Entries provided section start

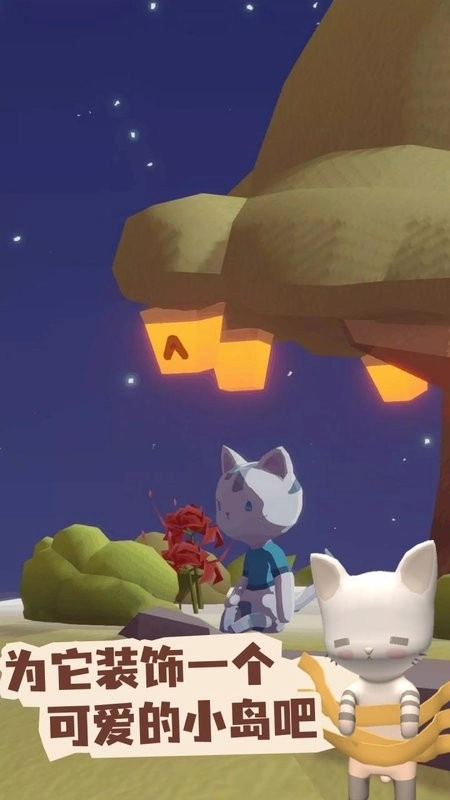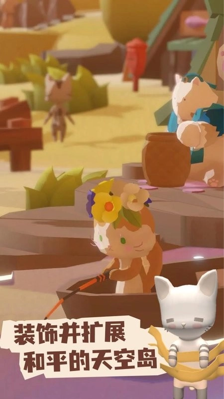 装饰并扩展和平的天空岛:扩展岛屿会开启鲸鱼湾、樱花林等新区域,每个场景都有独特主题与背景音乐;遇到的不只是猫咪,还有会送礼物的小狗和淘气狸猫。
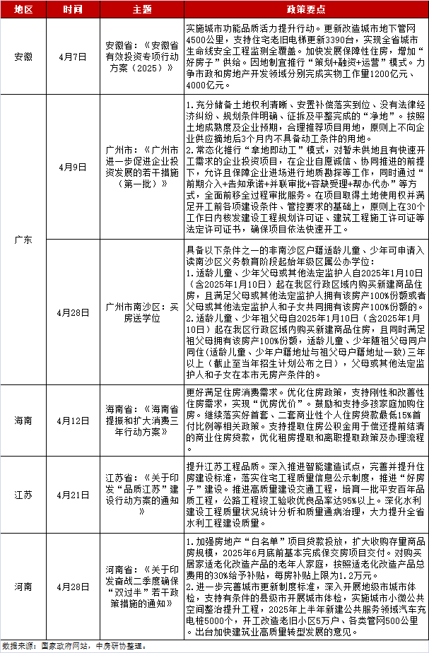 2025年4月,我国房地产政策宽松预期增强。中央层面,政治局会议强调,加大实施城市更新行动,有力有序推进城中村和危旧房改造,加快构建房地产发展新模式,加大高品质住房供给,优化存量商品房收购政策,持续巩固房地产市场稳定态势;金融监管总局发文支持受困房企项目纾困风险,促进房地产市场平稳健康发展等。5月7日,央行、金融监管总局发布一揽子金融政策,为房地产政策进一步优化和市场平稳健康发展创造有利条件。
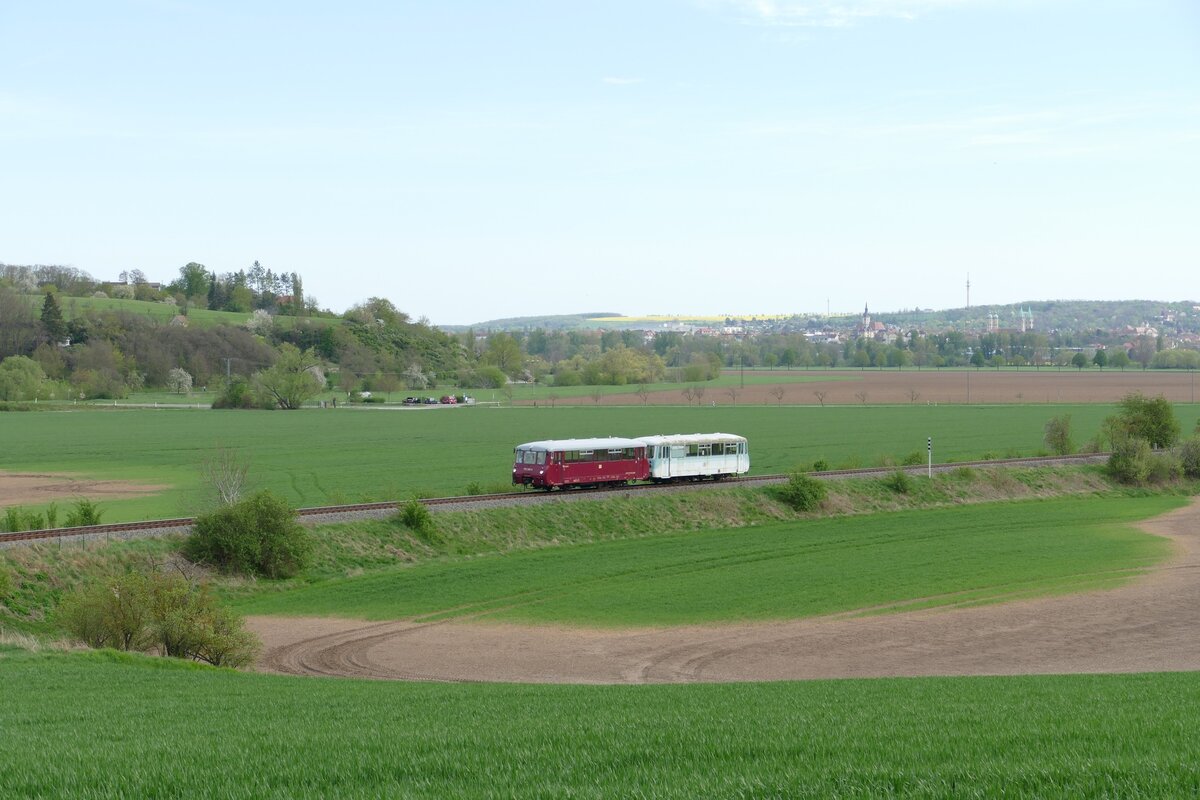Das EBS "Ferkeltaxi" 772 345-4 war am 16.08.2024 auf der Unstrutbahn bei Balgstädt von Karsdorf unterwegs nach Erfurt. Am Tag darauf fand von dort aus eine Sonderfahrt zum 150. Geburtstag der Pfefferminzbahn nach Sömmerda statt. (Foto: Wolfgang Krolop)
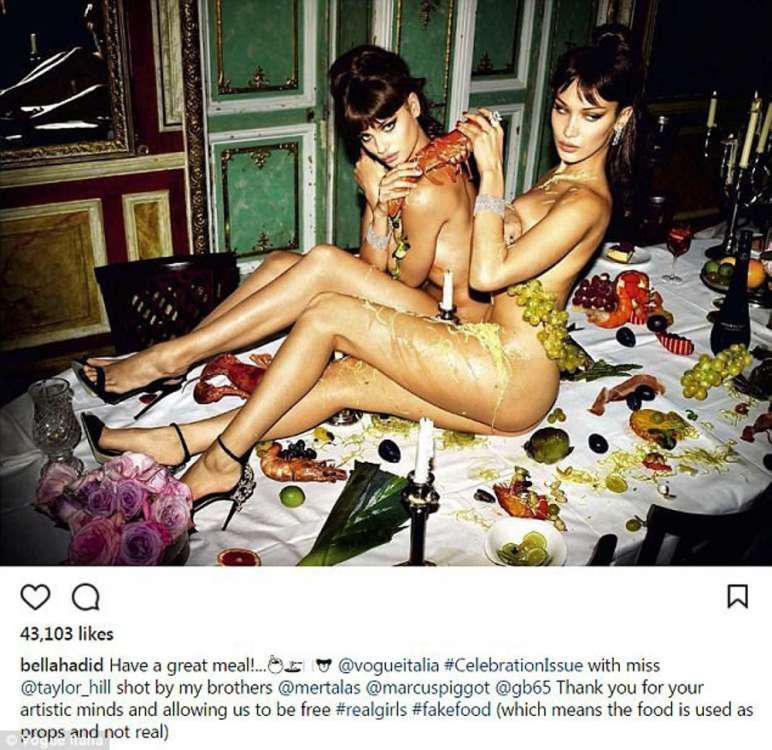 Σε μια αποκαλυπτική λήψη που δημοσιεύτηκε στο Instagram, η Hadid εμφανίζεται γυμνή με το μοντέλο Taylor Hill καλυμμένες με spaghetti για το νέο τεύχος Vogue Italia Celebration.
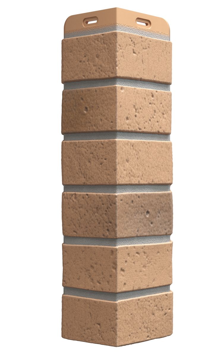Золотистый оттенок прекрасно передает эффекты и оттенки реальной текстуры кирпичной кладки. При обшивке фасада панелями и угловыми элементами одной цветовой гаммы вы получите точную имитацию классического каменного дома.
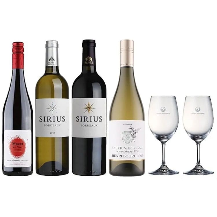 国際線のワイン体験をご自宅で再現し、特別なひとときをお楽しみいただけます。ギフトやお祝いの席にもぴったりの逸品セットです。
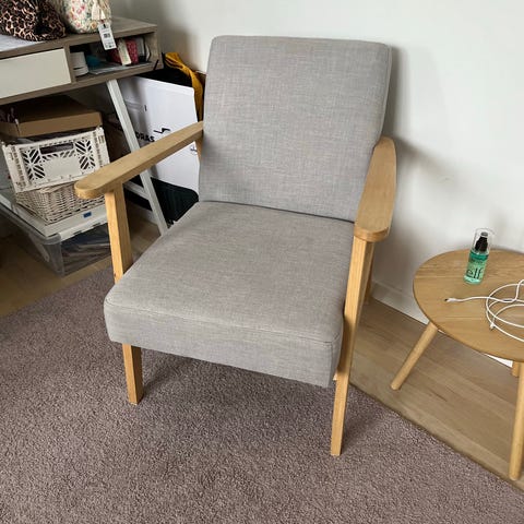 Brugt i kort tid, sæde som nyt, armlæn lidt slidt, men en yderst velholdt stol
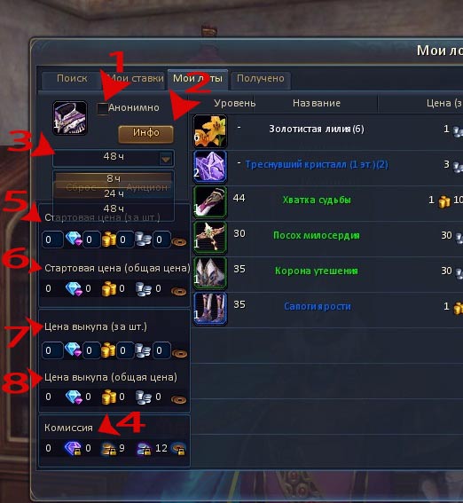 4. Комиссия - это налог на использование аукциона, комиссия берется в нумиях и зависит от вида и качества итема, а так же времени которое вы установите.

Entries provided section end

Exercise – Please retype the entries above word for word, but only from the line containing "国際線のワイン体験をご自宅で" through the last line, and without the pictures.

Response below –
 国際線のワイン体験をご自宅で再現し、特別なひとときをお楽しみいただけます。ギフトやお祝いの席にもぴったりの逸品セットです。
 Brugt i kort tid, sæde som nyt, armlæn lidt slidt, men en yderst velholdt stol
 4. Комиссия - это налог на использование аукциона, комиссия берется в нумиях и зависит от вида и качества итема, а так же времени которое вы установите.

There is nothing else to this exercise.